In an initial rollout over the last 3 months, and on previous activity
tracking on a paper status report system, I have found that the 'percent
complete' method of estimating progress did not seem to lead to good
results. When I moved to an 'hours remaining' method of estimating the
results were better.

For the rollout of my new project plan on PS, I will be asking resources to
input hours worked and hours remaining on each item. The only question was
level of granularity to
track.

Bill
 
R

Rod Gill

I do a lot of Project Management training and one neat exercise I do is to
get the participants as a group to estimate how many minutes it would take
to walk round a couple of blocks (carefully chosen for having a number of
crossings and other variable time frames).
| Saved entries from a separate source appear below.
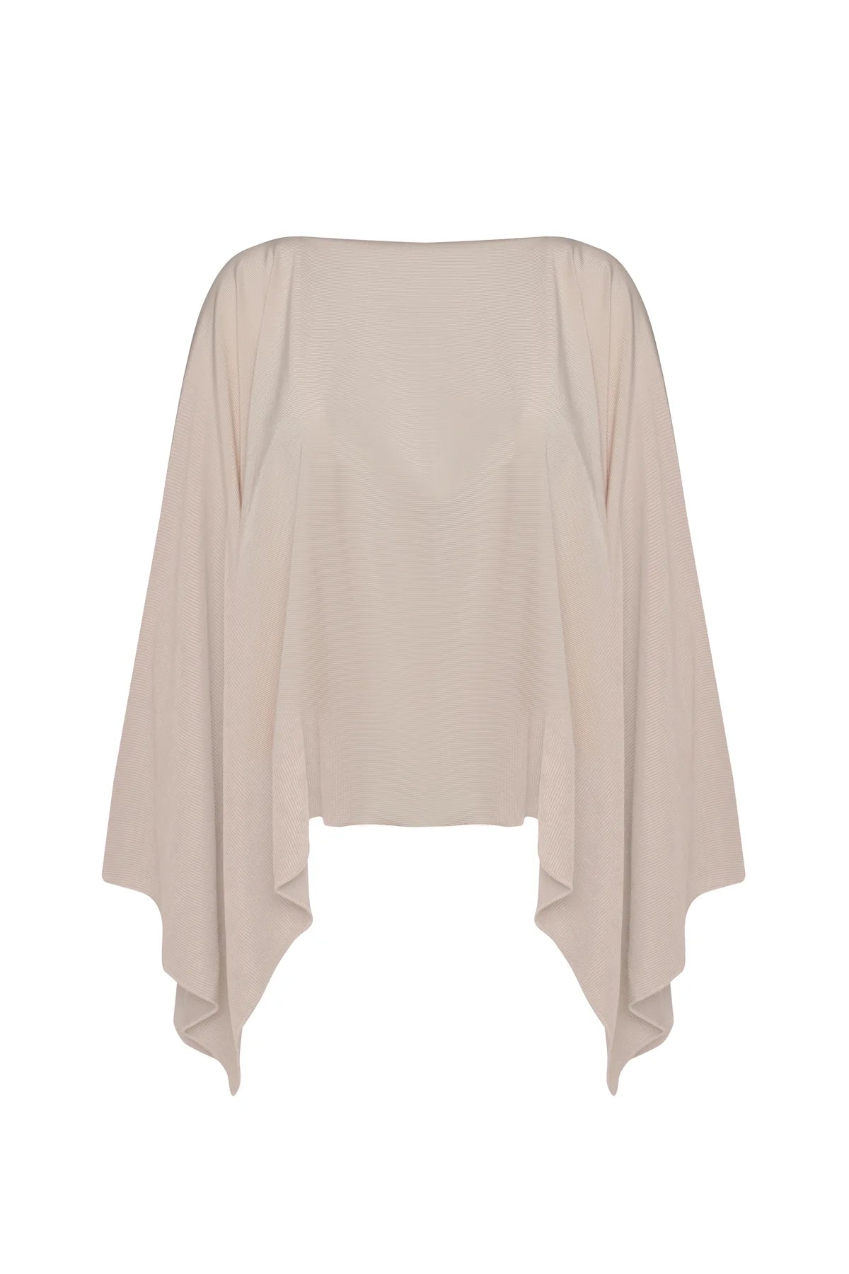 Capa superior holgada color Cruda. Plisada. Manga corta.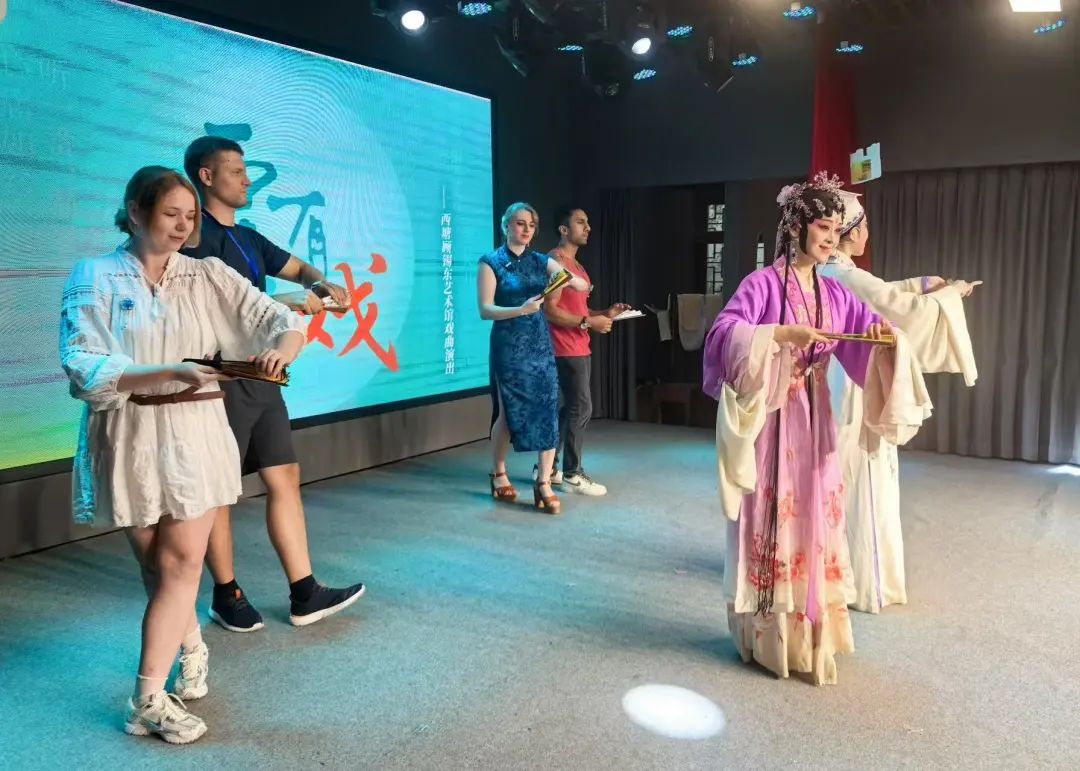 活动现场,师生同台演出了越剧《牡丹亭·幽媾》及折扇身段组合。在金彩芳教授的指导下国际学员也纷纷加入互动,反复揣摩越剧指法与身段,从执扇角度到腕部力道,每一个细节都透露出传统戏曲的独特韵味。在“一颦一笑一甩袖”中感受中国戏曲的含蓄之美。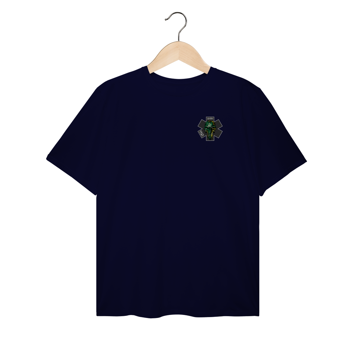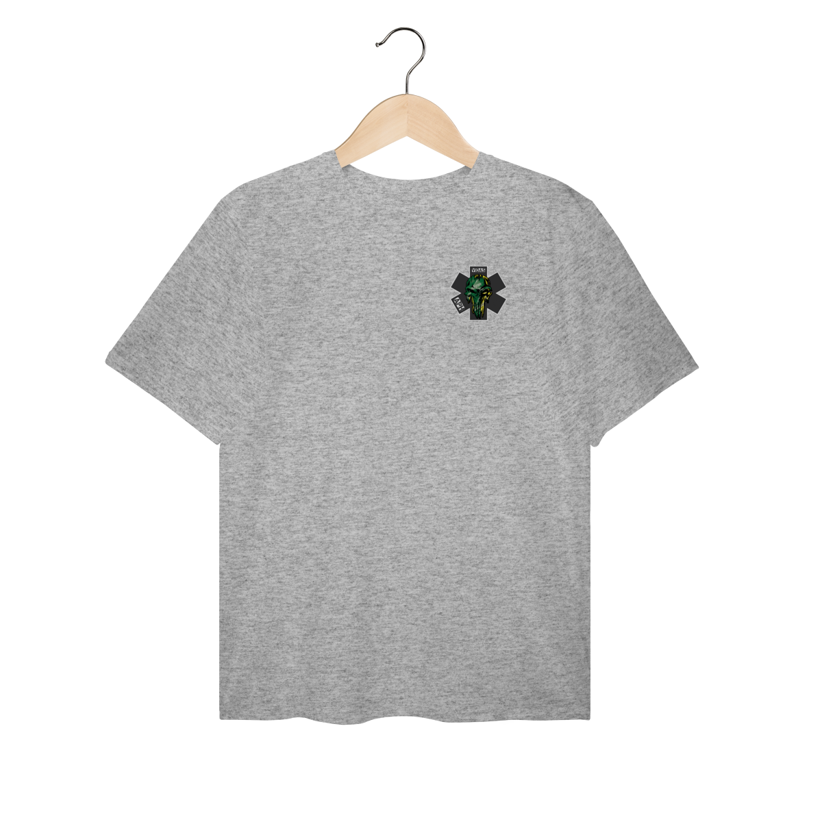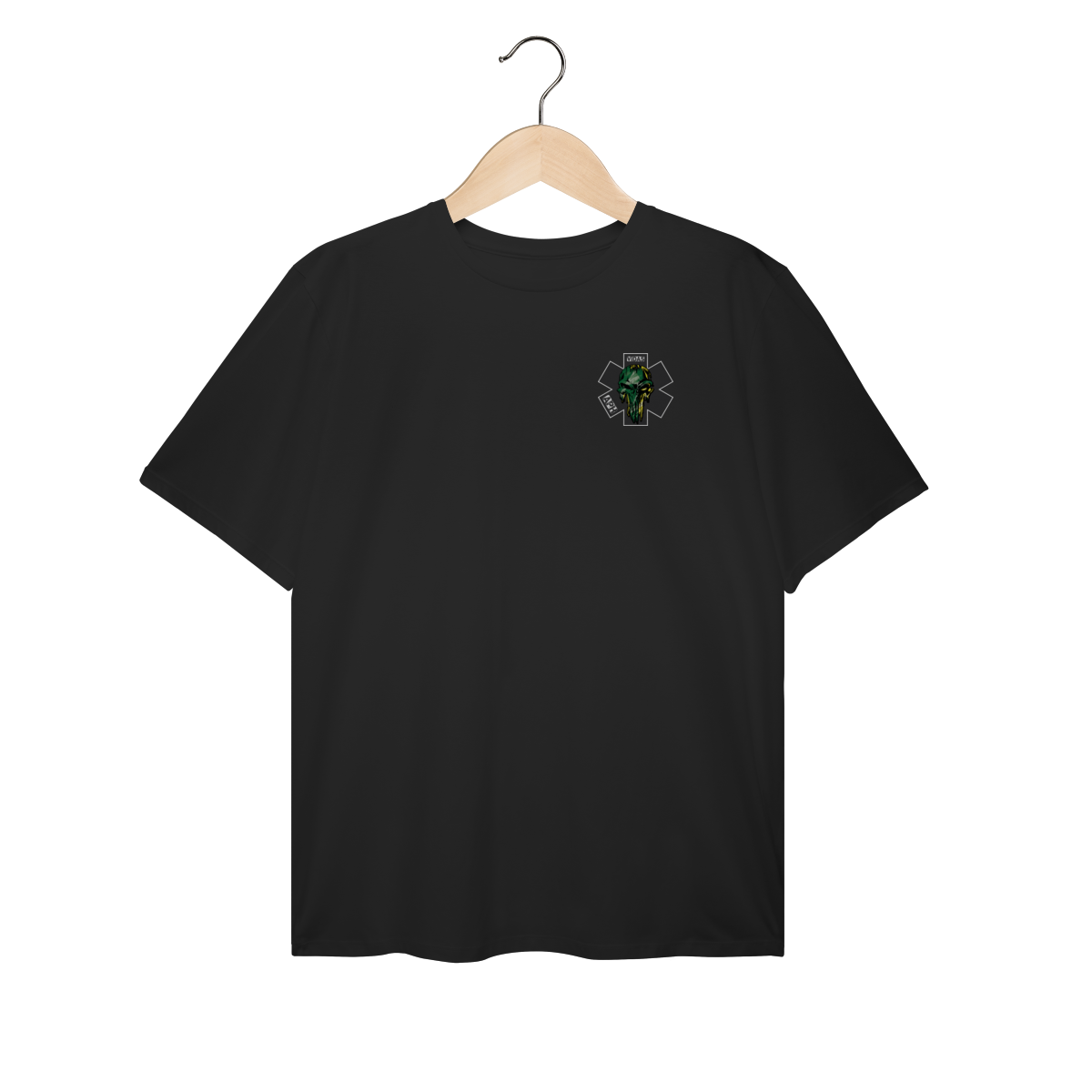 Uma arte impactante que representa a bravura e a garra dos profissionais do Atendimento Pré-Hospitalar. O design traz uma caveira estilizada em verde e amarelo, com um visual forte e marcante, destacando a estrela da vida e as palavras APH e VIDAS, simbolizando a luta diária de quem está sempre pronto para salvar.

We then walk it and everyone has
to put their watches in their pockets.
Once back at their desks I ask them to guess how many minutes it Actually
took. It has never been less than 20% out and that's 1 minute after
completing the task, with them dedicated to the task (no multi-tasking or
interruptions)!!! So if you get people to enter times to large tasks the
lack of accuracy would negate the value in doing it.

The only way to schedule accurately is to make plenty of predictions (of
work, not duration) then measure the actual work, learn and then improve!!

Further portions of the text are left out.